Royer led him to a clearing in the woods where the moonlight made the undergrowth silvery and the shadows deep. It was cosy, but there was plenty of room for a horse, a wolf and a man. Royer sat down and studied Hector while he unrolled his blanket. The one he still had after carrying the werewolf’s head in the other one.

“Is something wrong?” Hector asked.

Naturally Royer did not reply, but Hector could feel a wave of loneliness wash over him.

“Come here,” he said and patted the blanket. “You can sleep here.”

Royer’s ears were now standing upright again and he stepped closer, walked around in circles a few times and then lay down rolled up so close to Hector that they were almost touching.
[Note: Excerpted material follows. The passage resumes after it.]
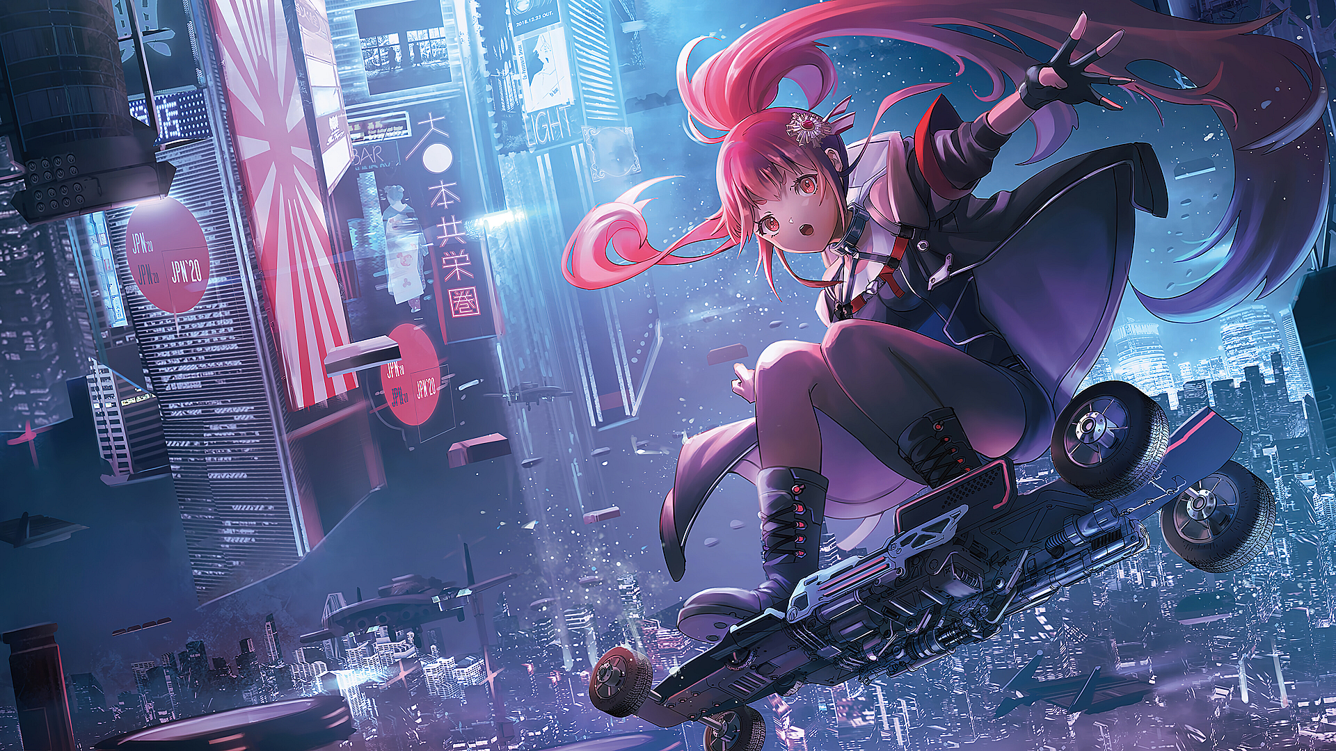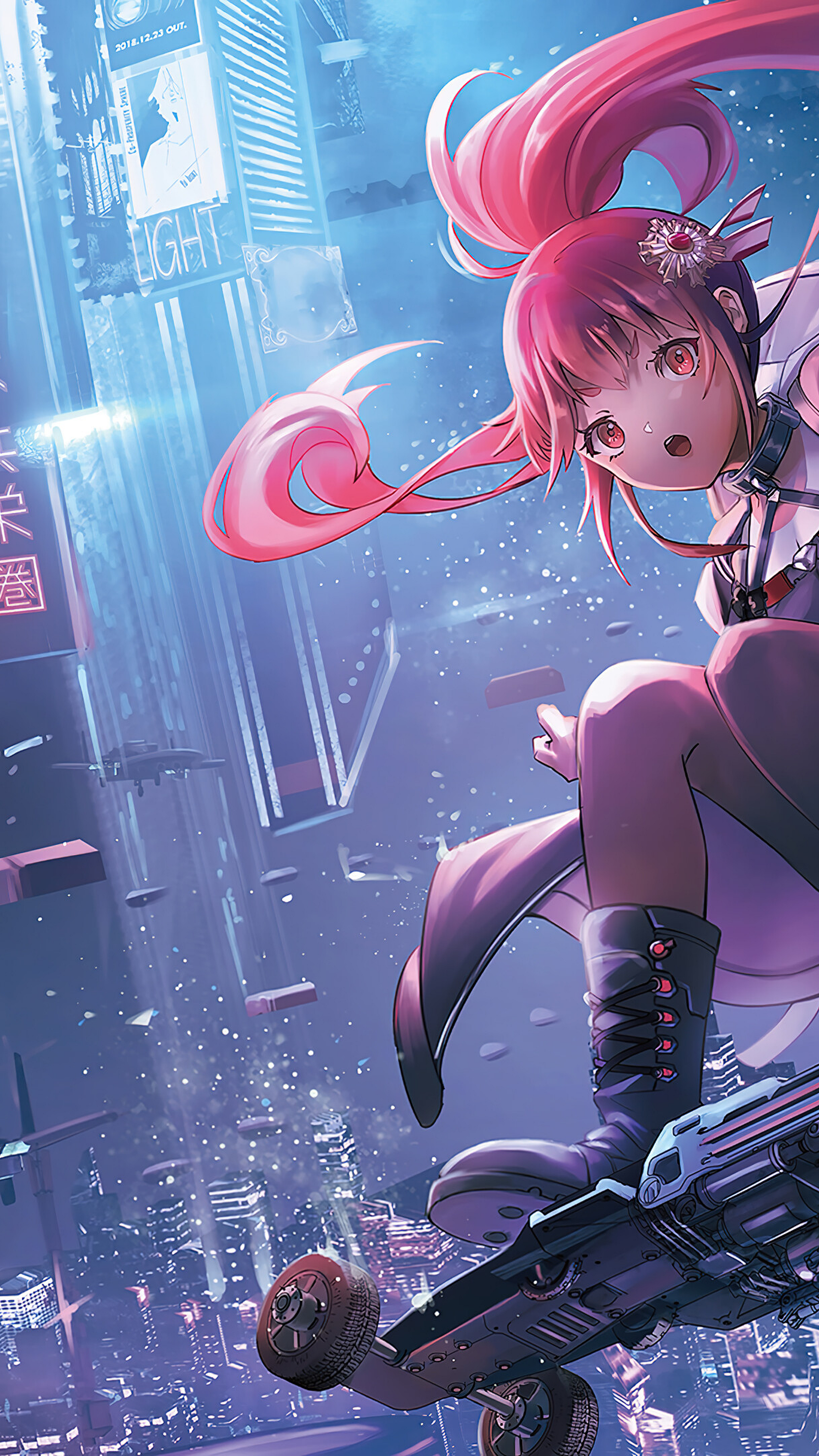 Anime girl, sci-fi, city, cyberpunk, futuristic, neon, wallpaper, background, digital art, fantasy, technology, mecha, robot, urban, space
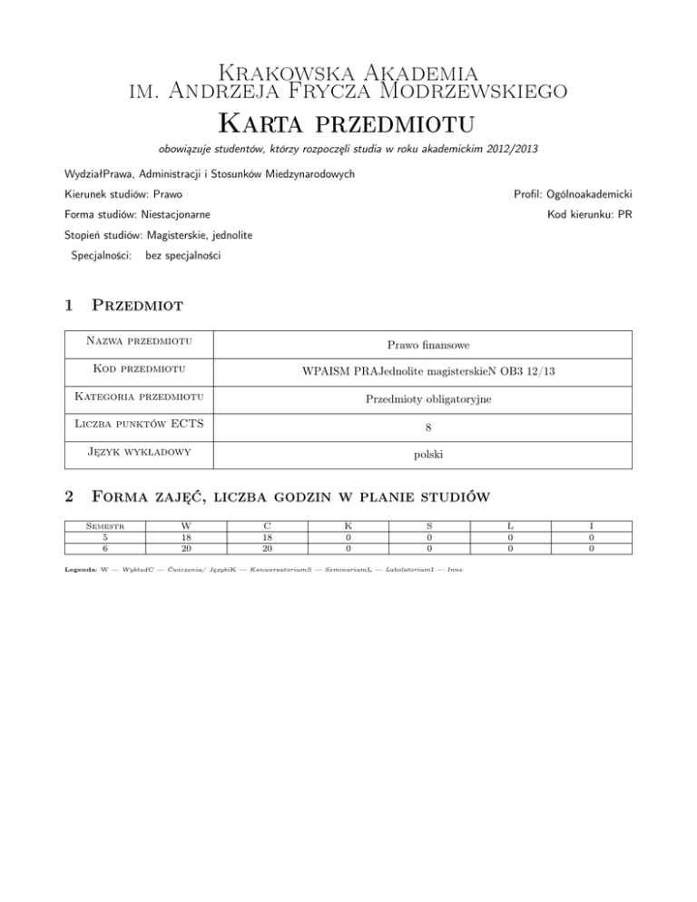 Krakowska Akademia im. Andrzeja Frycza Modrzewskiego Karta przedmiotu obowiązuje studentów, którzy rozpoczęli studia w roku akademickim 2012/2013 WydziałPrawa, Administracji i Stosunków Miedzynarodowych Kierunek studiów: Prawo Profil: Ogólnoakademicki Forma studiów: Niestacjonarne Kod kierunku: PR Stopień studiów: Magisterskie, jednolite Specjalności: 1 2 bez specjalności Przedmiot Nazwa przedmiotu Prawo finansowe Kod przedmiotu WPAISM PRAJednolite magisterskieN OB3 12/13 Kategoria przedmiotu Przedmioty obligatoryjne Liczba punktów ECTS 8 Język wykładowy polski Forma zajęć, liczba godzin w planie studiów Semestr 5 6 W 18 20 C 18 20 K 0 0 S 0 0 Legenda: W — WykładC — Ćwiczenia/ JęzykiK — KonwersatoriumS — SeminariumL — LabolatoriumI — Inne L 0 0 I 0 0 Krakowska Akademia im. Andrzeja Frycza Modrzewskiego 3 Cele przedmiotu Cel 1 Zapoznanie studentów ze zjawiskami procesów zachodzących w gospodarce finansowej państwa i samorządu; pokazanie specyfiki gospodarki finansowej i regulującego ją prawa finansowego; zwrócenie uwagi na siatkę pojęciową prawa finansowego. Cel 2 Zapoznanie studentów z problematyką teoretycznych możliwości stosowanych w działalności finansowej państwa, jednostek samorządu terytorialnego i innych podmiotów publicznych oraz z obowiązującymi rozwiązaniami normatywnymi w celu nabycia przez absolwentów umiejętności interpretacji i stosowania przepisów prawa finansowego w praktyce zawodowej oraz przygotowania do dalszego samokształcenia się i realizacji w życiu zawodowym. 4 Wymagania wstępne 1 Zaliczone prawo konstytucyjne. 2 Zaliczone prawo cywilne - ogólne. 5 Modułowe efekty kształcenia MW1 Ma poszerzoną wiedzę w zakresie prawa finansowego: 1. zna zakres normatywny, 2. Charakteryzuje szczegółowo podstawowe regulacje pranowfinansowe, 3. wskazuje powiązania prawa finansowego z innymi gałęziami prawa. K_ W07 Ma pogłębioną wiedzę o stosunkach społecznych i ekonomicznych poddawanych regulacji prawa finansowego oraz o rządzących nimi prawidłowościach istotnych z punktu widzenia procesu legislacyjnego. K_ W04 Ma pogłębioną i uporządkowaną wiedzę o kluczowych regulacjach w zakresie prawa finansowego, hierarchii źródeł prawa, wzajemnych relacjach finansowych pomiędzy organami władzy państwowej i samorządowej, treści stosunków prawnych, na którą składają się uprawnienia i obowiązki podmiotów stosunków prawnofinansowych, formach aktywności organów podatkowych, skarbowych i kontroli finansowej; a w szczególności o prawie budżetowym, długu publicznym, gospodarce finansowej państwa i JST, prawie podatkowym, publicznym prawie bankowym, europejskim i międzynarodowym prawie finansowym. K_ W06 Zna zasady opodatkowania niezbędne dla rozwoju form indywidualnej przedsiębiorczości, w szczególności w zakresie obsługi prawnej przez doradców podatkowych. K_ W13 Ma pogłębioną i rozszerzoną wiedze o źródłach i miejscu nauki prawa finansowego w systemie nauk prawnych oraz o jej przedmiotowych i metodologicznych powiązaniach z innymi dyscyplinami nauk, w szczególności z nauką finansów publicznych, zna strategie i metody badań stosowanych w nauce prawa finansowego. K_ W01 Opisuje podstawowe poglądy na istotę prawa finansowego i jego społeczne funkcje. K_ W02 Opisuje i charakteryzuje elementy stosunku prawnofinansowego. K_ W05 Zna proceduralne aspekty stosowania prawa podatkowego i dyscypliny budżetowej, zrelacjonuje przebieg postępowań podatkowych przed organami podatkowymi i sądami administracyjnymi. K_ W08 Zna i opisuje etapy stosowania prawa finansowego, w szczególności prawa podatkowego, zna sposoby rozwiązywania sporów z administracją podatkową. K_ W10 MU2 Korzysta z siatki pojęciowej prawa finansowego i swobodnie porusza się po niej, potrafi wykorzystywać wiedzę teoretyczną w celu analizowania i interpretowania problemów społecznych. K_U01 Samodzielnie dokonuje kwalifikacji prawnofinansowej różnych stanów faktycznych, umie dokonywać wykładni i stosować w praktyce przepisy prawa finansowego. K_U07 Posiada umiejętności prezentowania rozbudowanej argumentacji w kontekście poglądów różnych autorów, kierując się przy tym zasadami etycznymi, racjonalnie podejmie dyskusję ze specjalistą w zakresie finansów i prawa finansowego, zaprezentuje swoje argumenty. K_U10 Rozumie mechanizmy społeczne i polityczne determinujące treść prawa finansowego, przewiduje skutki regulacji normatywnych. K_U02 Dokona subsumpcji stanu faktycznego, zaprezentuje projekt rozstrzygnięcia, przedstawi zasady sporządzania jego uzasadnienia w postępowaniach sądowoadministracyjnych i przed organami administracji publicznej. K_U08 Posiada umiejętność analizy orzecznictwa sądowego oraz poglądów uznanych autorytetów wyrażanych w komentarzach i pracach naukowych. K_U11 Ma umiejętność logicznej analizy pojęć prawnofinansowych; posługiwania się dyrektywami wykładni i wnioskowań prawniczych i uzasadniania twierdzeń. K_U05 Posiada umiejętność tworzenia projektów aktów normatywnych, rozwinie poprawnie uzasadnienie, potrafi wskazać konsekwencje projektowanego aktu. K_U06 Posiada umiejętność zespołowego analizowania zagadnień prawnych, prowadzenia dyskursu i prezentacji wniosków w zespołach specjalistów i zespołach interdyscyplinarnych. K_U12 Potrafi stosować zasady i normy etyczne w podejmowanej działalno- Strona 2/9 Krakowska Akademia im. Andrzeja Frycza Modrzewskiego ści, dostrzega i analizuje dylematy etyczne. K_U14 Posiada pogłębioną umiejętność przygotowania różnych prac pisemnych oraz wystąpień ustnych w zakresie prawa finansowego. K_U15 MK3 Rozumie znaczenie przestrzegania prawa finansowego jako regulatora stosunków społecznych, a także ma świadomość konsekwencji tolerancji wobec naruszeń prawa. K_K02 Rozumie potrzebę ciągłego dokształcania zawodowego i rozwoju osobistego, dokonuje samooceny własnych kom

Hector reached out his hand and stroked the wolf’s back. Strange. Everything felt very different with Royer. Different from what? Other people. Normal people. When Royer was a wolf, he behaved very much like a big and kind dog. Apparently that didn’t even change at full moon. At first Hector was not sure that Royer wanted him to pet him or stroke his fur, but it felt like the wolf enjoyed it.

Hector turned around so that they were lying back to back after a while. Despite the warmth of the summer night, it was nice to feel Royer there. Perhaps, Hector mused, it was not that Royer was dog-like when he was a wolf. Perhaps he was like this all the time and Hector merely didn’t think about it when Royer was a man because as a rule, people didn’t scratch each other behind the ears. He smiled at the thought and closed his eyes.